19 - Models (2) Flashcards
Use of models
How are actuarial models used for decision-making in life insurance management?
Actuarial models support decision-making by projecting cashflows and profits to:
* Price products
* Assess profitability
* Evaluate solvency
* Analyze sensitivities
A full model office projects new and existing business to assess capital needs under adverse scenarios. Key Choice: Stochastic for guarantees, deterministic for simplicity.
Explain how a model determines premiums for a life insurance product.
Models set premiums by:
* Selecting Model Points
* Projecting Cashflows
* Discounting
* Setting Premiums
For an endowment, test ages 30-50, terms 10-20 years, interpolating other rates.
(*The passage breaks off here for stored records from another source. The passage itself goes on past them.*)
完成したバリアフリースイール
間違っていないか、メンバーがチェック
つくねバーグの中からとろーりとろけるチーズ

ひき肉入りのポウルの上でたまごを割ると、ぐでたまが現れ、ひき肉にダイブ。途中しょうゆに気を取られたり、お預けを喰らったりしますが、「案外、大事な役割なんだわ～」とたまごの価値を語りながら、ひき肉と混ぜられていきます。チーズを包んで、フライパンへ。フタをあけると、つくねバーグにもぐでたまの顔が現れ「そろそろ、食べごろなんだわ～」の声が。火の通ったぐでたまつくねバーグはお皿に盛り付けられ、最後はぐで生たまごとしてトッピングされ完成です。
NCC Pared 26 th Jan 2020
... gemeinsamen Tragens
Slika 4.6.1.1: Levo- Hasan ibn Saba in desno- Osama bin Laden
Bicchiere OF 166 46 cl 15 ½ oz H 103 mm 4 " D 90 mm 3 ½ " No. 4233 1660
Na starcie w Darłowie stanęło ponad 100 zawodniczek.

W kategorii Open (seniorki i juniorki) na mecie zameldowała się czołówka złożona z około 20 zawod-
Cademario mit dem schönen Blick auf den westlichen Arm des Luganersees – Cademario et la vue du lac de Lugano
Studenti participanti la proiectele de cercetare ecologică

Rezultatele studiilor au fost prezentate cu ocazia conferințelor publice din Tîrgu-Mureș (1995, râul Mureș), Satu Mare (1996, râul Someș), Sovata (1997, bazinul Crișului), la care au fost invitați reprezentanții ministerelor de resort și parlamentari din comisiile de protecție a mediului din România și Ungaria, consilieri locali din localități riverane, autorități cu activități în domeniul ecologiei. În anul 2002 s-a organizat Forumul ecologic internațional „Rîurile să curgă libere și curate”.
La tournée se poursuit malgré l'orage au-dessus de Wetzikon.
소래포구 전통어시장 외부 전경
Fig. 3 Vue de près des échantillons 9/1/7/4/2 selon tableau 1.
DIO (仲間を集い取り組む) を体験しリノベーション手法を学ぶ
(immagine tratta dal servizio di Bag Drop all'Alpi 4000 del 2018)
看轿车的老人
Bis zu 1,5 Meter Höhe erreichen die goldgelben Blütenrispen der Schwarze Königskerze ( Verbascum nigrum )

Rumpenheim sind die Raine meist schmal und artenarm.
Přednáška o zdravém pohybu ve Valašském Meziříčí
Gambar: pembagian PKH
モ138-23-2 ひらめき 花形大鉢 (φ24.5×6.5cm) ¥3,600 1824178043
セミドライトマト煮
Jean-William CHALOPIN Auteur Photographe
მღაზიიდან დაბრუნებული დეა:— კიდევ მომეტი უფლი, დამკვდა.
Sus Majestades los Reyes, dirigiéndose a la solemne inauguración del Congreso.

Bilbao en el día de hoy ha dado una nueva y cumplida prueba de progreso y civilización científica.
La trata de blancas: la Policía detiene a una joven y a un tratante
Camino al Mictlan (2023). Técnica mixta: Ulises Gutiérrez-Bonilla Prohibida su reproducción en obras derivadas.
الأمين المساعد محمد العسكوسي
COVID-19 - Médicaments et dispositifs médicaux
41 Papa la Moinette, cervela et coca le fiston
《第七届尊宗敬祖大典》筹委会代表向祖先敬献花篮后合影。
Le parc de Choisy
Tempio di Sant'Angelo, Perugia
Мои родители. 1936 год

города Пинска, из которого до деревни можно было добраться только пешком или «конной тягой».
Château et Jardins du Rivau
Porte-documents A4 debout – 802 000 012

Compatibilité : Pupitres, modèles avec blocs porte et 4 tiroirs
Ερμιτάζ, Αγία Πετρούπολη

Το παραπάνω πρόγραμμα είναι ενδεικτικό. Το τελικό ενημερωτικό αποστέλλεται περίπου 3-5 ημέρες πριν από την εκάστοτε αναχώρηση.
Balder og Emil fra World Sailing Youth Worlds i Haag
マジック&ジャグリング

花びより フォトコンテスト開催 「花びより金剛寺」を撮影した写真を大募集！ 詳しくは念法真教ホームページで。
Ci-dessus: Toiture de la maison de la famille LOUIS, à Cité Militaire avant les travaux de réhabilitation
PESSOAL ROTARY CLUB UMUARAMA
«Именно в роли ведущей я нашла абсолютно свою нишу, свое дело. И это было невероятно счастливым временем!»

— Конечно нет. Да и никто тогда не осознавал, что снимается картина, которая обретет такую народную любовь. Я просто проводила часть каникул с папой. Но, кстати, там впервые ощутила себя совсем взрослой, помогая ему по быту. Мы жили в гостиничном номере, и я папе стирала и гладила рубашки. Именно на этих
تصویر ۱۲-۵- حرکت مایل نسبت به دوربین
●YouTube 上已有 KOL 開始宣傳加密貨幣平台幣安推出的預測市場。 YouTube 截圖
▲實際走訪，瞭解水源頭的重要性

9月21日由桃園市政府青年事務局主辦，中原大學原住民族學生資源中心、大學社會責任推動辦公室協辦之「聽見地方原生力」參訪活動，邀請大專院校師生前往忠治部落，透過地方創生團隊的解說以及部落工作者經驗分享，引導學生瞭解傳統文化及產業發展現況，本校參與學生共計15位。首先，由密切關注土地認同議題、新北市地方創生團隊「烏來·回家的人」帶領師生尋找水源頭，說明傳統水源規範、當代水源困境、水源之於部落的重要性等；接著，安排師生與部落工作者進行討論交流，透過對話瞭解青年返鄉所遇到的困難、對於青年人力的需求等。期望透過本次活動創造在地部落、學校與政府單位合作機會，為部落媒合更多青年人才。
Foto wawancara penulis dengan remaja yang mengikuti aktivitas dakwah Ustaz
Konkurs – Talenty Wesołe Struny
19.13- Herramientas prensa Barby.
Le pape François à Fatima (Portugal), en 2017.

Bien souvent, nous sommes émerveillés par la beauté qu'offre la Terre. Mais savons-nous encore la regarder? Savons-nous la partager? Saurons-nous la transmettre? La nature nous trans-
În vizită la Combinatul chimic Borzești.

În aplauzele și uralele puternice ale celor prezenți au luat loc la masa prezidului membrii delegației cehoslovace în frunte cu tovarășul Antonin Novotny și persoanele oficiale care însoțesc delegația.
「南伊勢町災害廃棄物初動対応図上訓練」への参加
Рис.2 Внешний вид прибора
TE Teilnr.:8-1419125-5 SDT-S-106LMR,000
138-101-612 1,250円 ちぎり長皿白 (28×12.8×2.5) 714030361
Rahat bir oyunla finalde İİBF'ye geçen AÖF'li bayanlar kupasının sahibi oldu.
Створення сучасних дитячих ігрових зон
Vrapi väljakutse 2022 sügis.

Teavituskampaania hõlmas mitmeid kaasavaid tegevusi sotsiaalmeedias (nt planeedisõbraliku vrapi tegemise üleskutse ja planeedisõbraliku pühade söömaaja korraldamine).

Pitfall: Overly old data (e.g., 10 years) misses mix shifts.
Discuss the profit criteria used in pricing and how to choose between them.
Profit criteria evaluate a contract’s profit signature:
* NPV
* IRR
* Discounted Payback Period
A policy with NPV 10% of premiums and 5-year payback beats one with 8% and 7-year payback.
How does marketability influence pricing decisions?
Marketability ensures premiums are competitive, prompting:
* Design Adjustments
* Channel Changes
* Profit Revision
* Go/No-Go
A high-NPV product may fail if premiums exceed market norms, requiring redesign.
How are capital requirements assessed and managed in pricing?
Capital needs are assessed by:
* Scaling Cashflows
* Profitability Check
* Embedded Value Impact
* Management
A capital-intensive product might need shareholder funding if free assets are low.
Explain how return on capital is calculated for a new product.
Return on capital is assessed via:
* Total Capital
* Profit Comparison
£1M capital for £150K annual profit over 10 years gives ~15% return, guiding approval.
How is the profitability of existing business measured?
Profitability is measured as embedded value:
* Present value of future profits (PVFP)
* Method
* Breakdown
* Expectation
Negative PVFP for a product signals re-pricing need.
How is solvency measured in a life insurance company?
Solvency compares assets to liabilities:
* Supervisory Values
* Economic Values
Ensures funds cover existing and future obligations, needing capital beyond reserves.
Compare static and dynamic solvency testing and their uses.
Static: One-time check.
Dynamic: Projects balance sheets forward.
* Deterministic
* Stochastic
Dynamic shows solvency fails in year 7 under low returns, prompting action.
Why is capital needed, and how does the estate contribute?
Need: To withstand shocks, fund new business, enable flexible investments.
Estate: Free assets supporting strain initially, growing with profits.
Excess estate from old profits aids new launches.
How is sensitivity to model point choice addressed?
When Needed: For simplified sets.
Method: Test outputs with varied points.
If 10 vs. 100 points shift NPV by 20%, refine selection.
Explain sensitivity testing for parameters and its purpose.
Purpose: Assess mis-estimation impact, including correlations.
Scenario Testing: Adjust multiple parameters realistically.
A 1% return drop cuts profit 10%, needing buffers.
How can risk be managed beyond the risk discount rate?
Risk Margin: Built into discount rate.
Alternatives: Lower rate or variance analysis.
* Stochastic
* Deterministic
Sensitivity shows withdrawal risk, avoiding stochastic complexity.
Describe the key factors influencing the adequacy of an actuarial model for projecting cashflows to assess profitability.
An adequate model:
* Validity
* Rigor
* Documentation
* Model Points
* Parameters
* Complexity
* Verification
A model omitting guarantees fails validity, skewing profitability.